Language models and parsers that use the NLP technology have been used to explore complex lexical features and syntactic constructs in aiding readability study. But readability research has not made much progress beyond lexical and syntactic analysis as these features are easier to define and measure with existing techniques, while factors such as discourse topic and discourse coherence require much more complex semantic analysis, and hence remain as challenging problems.
The thesis focuses on developing an automatic text readability assessment tool at various discourse levels while taking user characteristics into account. The primary goal of the thesis is to quantify and understand what makes a text easy or difficult to read, particularly for readers with mild intellectual disabilities (MID).

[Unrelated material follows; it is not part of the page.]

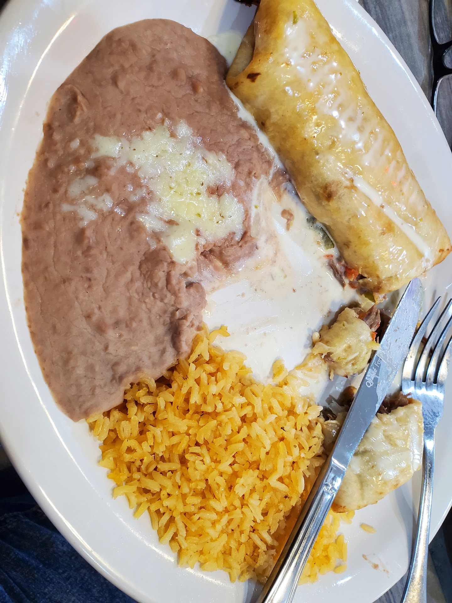 Read moreThe service was excellent, staff was inviting immediately upon entry. The place smelled freshly cleaned and seating was plentiful. Now, let's talk food. The menu was vast, containing many options other places remain minified. My family and I were having a hard time deciding since there were options 😉. I ended up getting the 2 Chimichunga dinner( 1 chicken and 1 beef) with rice and beans, in this picture I forgot to take before consuming 3/4 of the beef which by the way was fantastic and don't get me started on the chicken 🤗 which was all white and well portioned meat! If you're looking for a good meal and great experience and service rivaling meals here in Charlotte this is the place!! Did I mention they also have table side payments which have a tap to pay option....I'm just saying...

In order to assess how well the readability assessment tool corpora were created consisting of original and simplified texts. The tool’s ability to differentiate between original and simplified text was evaluated and a comparison between the correlations of predictions by the tool with independent measure of text difficulty rated by experts and by adult participants with mild intellectual disabilities, was done.
A reader processes the sentences as he reads it and organizes the memory units extracted from the word and sentence processing and these units are placed in his/her memory in an organized and structured manner. The coherent memory representation is constructed and maintained by his ability to process the text and resolve references by making suitable inferences. Low working memory capacity has been shown to be related to a reduction in the speed and accuracy with which sentences can be processed.
The following elements are used towards the Feng’s approach to readability:
- Text readability is not determined by intrinsic text properties alone. Rather, reading ease or difficulty results from the interaction of the reader and the text.
- The goal of reading is to construct a coherent memory representation of a text. Word identification and sentence parsing are part of basic comprehension processes that occur at the low level of text comprehension. Much of reading difficulties arise from higher level of discourse comprehension, which involves mostly evaluating and identifying relations among conceptual information, solving references to establish entities in a text and making various types of inferences to fill in missing information.
- Working memory has great impact on various language comprehension activities, because it provides temporary storage and simultaneous manipulation of information and coordinates resources that are necessary for comprehension processes during reading.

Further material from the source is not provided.